_TASK_. Return the data exactly, with all pictures removed.
- - - -
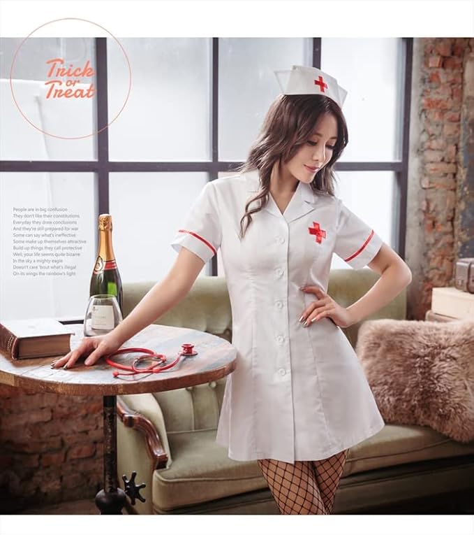 [Anna Mu] ナース服 コスプレ 制服 レディース ワンピース 看護師 医者 白衣 セクシー エッチ 過激 ハロウィン M-XL z1924
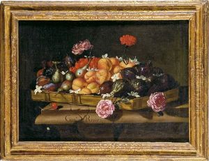 Stillleben Mit Fischen Und Fruchten In Einem Korb
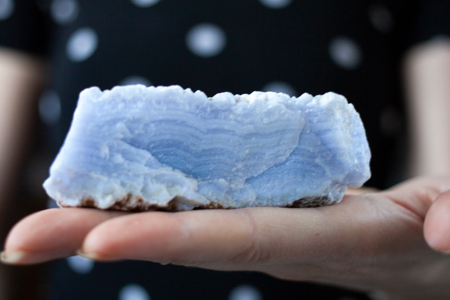Stunning blue lace agate specimens from the famous Namibian mine, known for being...
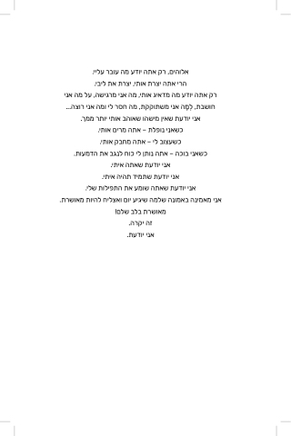 רקָ אתהַ יוֹדִּע מָּהַ מָּדִּאיג אוֹתי, מָּהַ אנִי מָּרגישֶׁהַ, עלְ מָּהַ אנִי חוֹשֶׁבת, ְלְ ָמָּהַ אנִי מָּשֶׁתוֹקָקָת, מָּהַ חסר לְי וֹמָּהַ אנִי רוֹצַהַ... אנִי יוֹדִּעת שֶׁאין מָּישֶׁהַוֹ שֶׁאוֹהַב אוֹתי יוֹתר מָּמָּךָ.
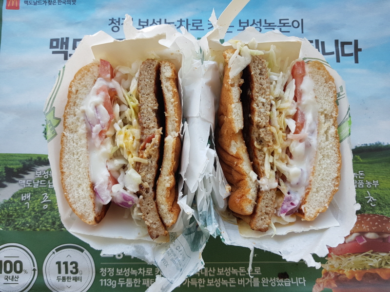 제품 광고에서 보성 차밭이 나와서 녹차 소스 같은 걸 끼얹거나 녹차 페스토 같은 게 들어가나 싶었는데 그건 아니고, 전남 보성의 녹차잎 사료로 충청 지역의 농상에서 키워낸 보성녹돈 패티가 들어간다고 해요.
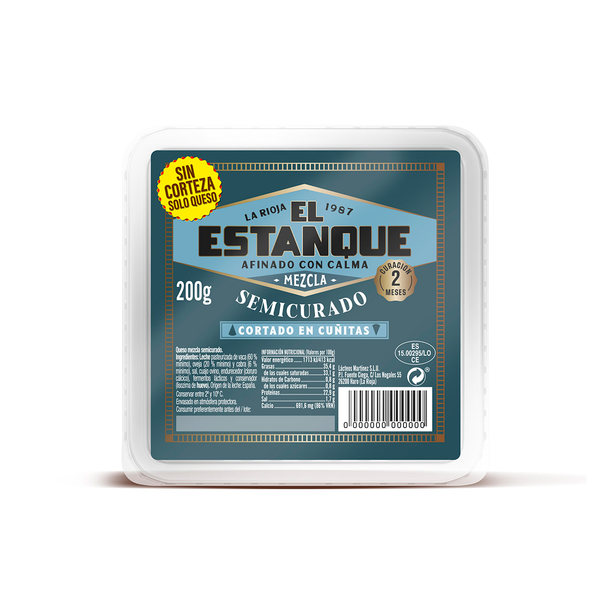 El Queso de Mezcla Semicurado El Estanque, elaborado con la mezcla de leches de vaca, oveja y cabra, utiliza cuajo ovino. Mimado por el Maestro Quesero, permanece en nuestras cavas de afinado durante 2 meses.
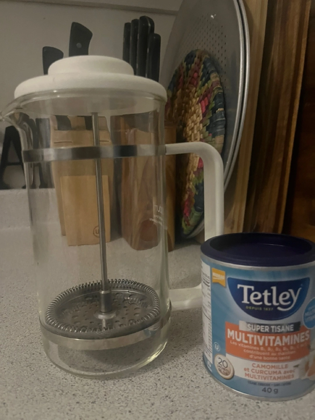 Glass French press coffee maker. White plastic lid and handle. Metal filter and plunger. Great for making coffee or tea. Tea added to demonstrate size. Believe it is 17oz
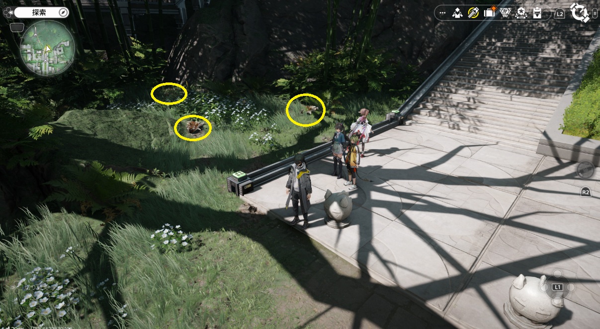 階段脇の草むらの中に3匹
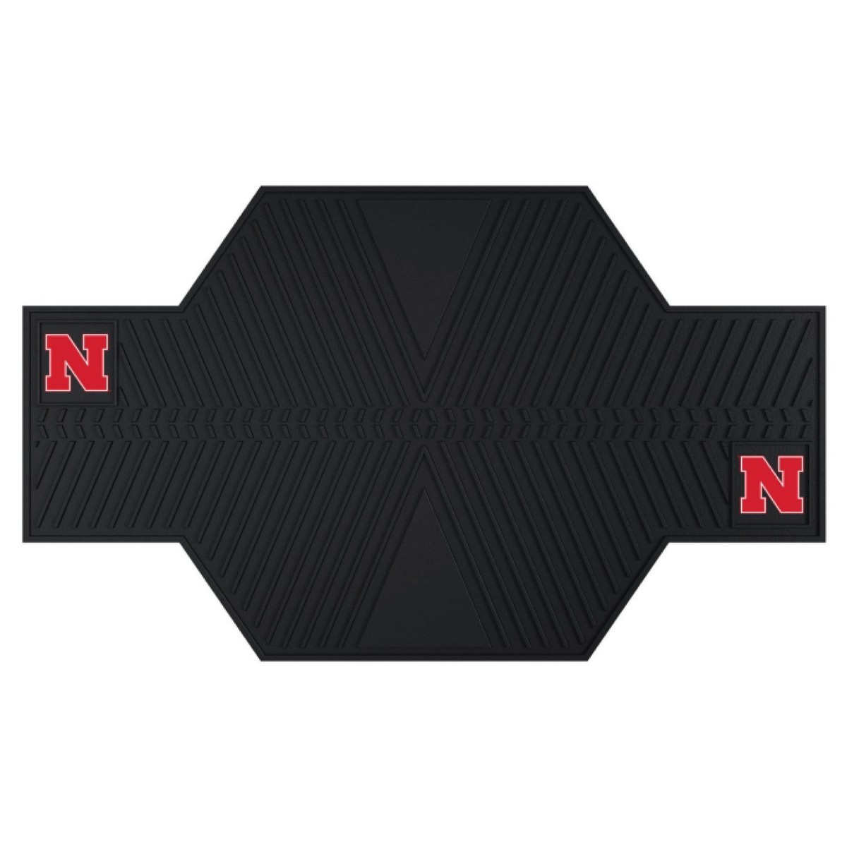 | Nebraska Cornhuskers Motorcycle Mat Oil resistant Grip-style backing keeps mat in place Designed to catch dirt, debris, and even oil 5/16" thickness Features two 3D molded team logos Easily cleaned with a water hose University of Nebraska in Nebraska |
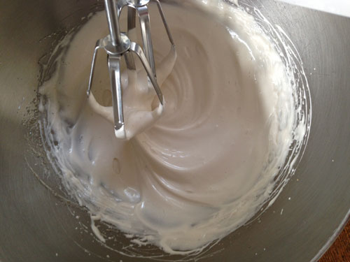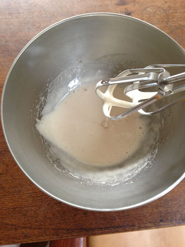 | (1分間泡立てたところ。 きめは細かくなりましたが、まだたらりとした感じです。) |
- - - -
_SOLUTION FOR THIS EXERCISE_.
 [Anna Mu] ナース服 コスプレ 制服 レディース ワンピース 看護師 医者 白衣 セクシー エッチ 過激 ハロウィン M-XL z1924
 Stillleben Mit Fischen Und Fruchten In Einem Korb
Stunning blue lace agate specimens from the famous Namibian mine, known for being...
 רקָ אתהַ יוֹדִּע מָּהַ מָּדִּאיג אוֹתי, מָּהַ אנִי מָּרגישֶׁהַ, עלְ מָּהַ אנִי חוֹשֶׁבת, ְלְ ָמָּהַ אנִי מָּשֶׁתוֹקָקָת, מָּהַ חסר לְי וֹמָּהַ אנִי רוֹצַהַ... אנִי יוֹדִּעת שֶׁאין מָּישֶׁהַוֹ שֶׁאוֹהַב אוֹתי יוֹתר מָּמָּךָ.
 제품 광고에서 보성 차밭이 나와서 녹차 소스 같은 걸 끼얹거나 녹차 페스토 같은 게 들어가나 싶었는데 그건 아니고, 전남 보성의 녹차잎 사료로 충청 지역의 농상에서 키워낸 보성녹돈 패티가 들어간다고 해요.
 El Queso de Mezcla Semicurado El Estanque, elaborado con la mezcla de leches de vaca, oveja y cabra, utiliza cuajo ovino. Mimado por el Maestro Quesero, permanece en nuestras cavas de afinado durante 2 meses.
 Glass French press coffee maker. White plastic lid and handle. Metal filter and plunger. Great for making coffee or tea. Tea added to demonstrate size. Believe it is 17oz
 階段脇の草むらの中に3匹
 | Nebraska Cornhuskers Motorcycle Mat Oil resistant Grip-style backing keeps mat in place Designed to catch dirt, debris, and even oil 5/16" thickness Features two 3D molded team logos Easily cleaned with a water hose University of Nebraska in Nebraska |
 | (1分間泡立てたところ。 きめは細かくなりましたが、まだたらりとした感じです。) |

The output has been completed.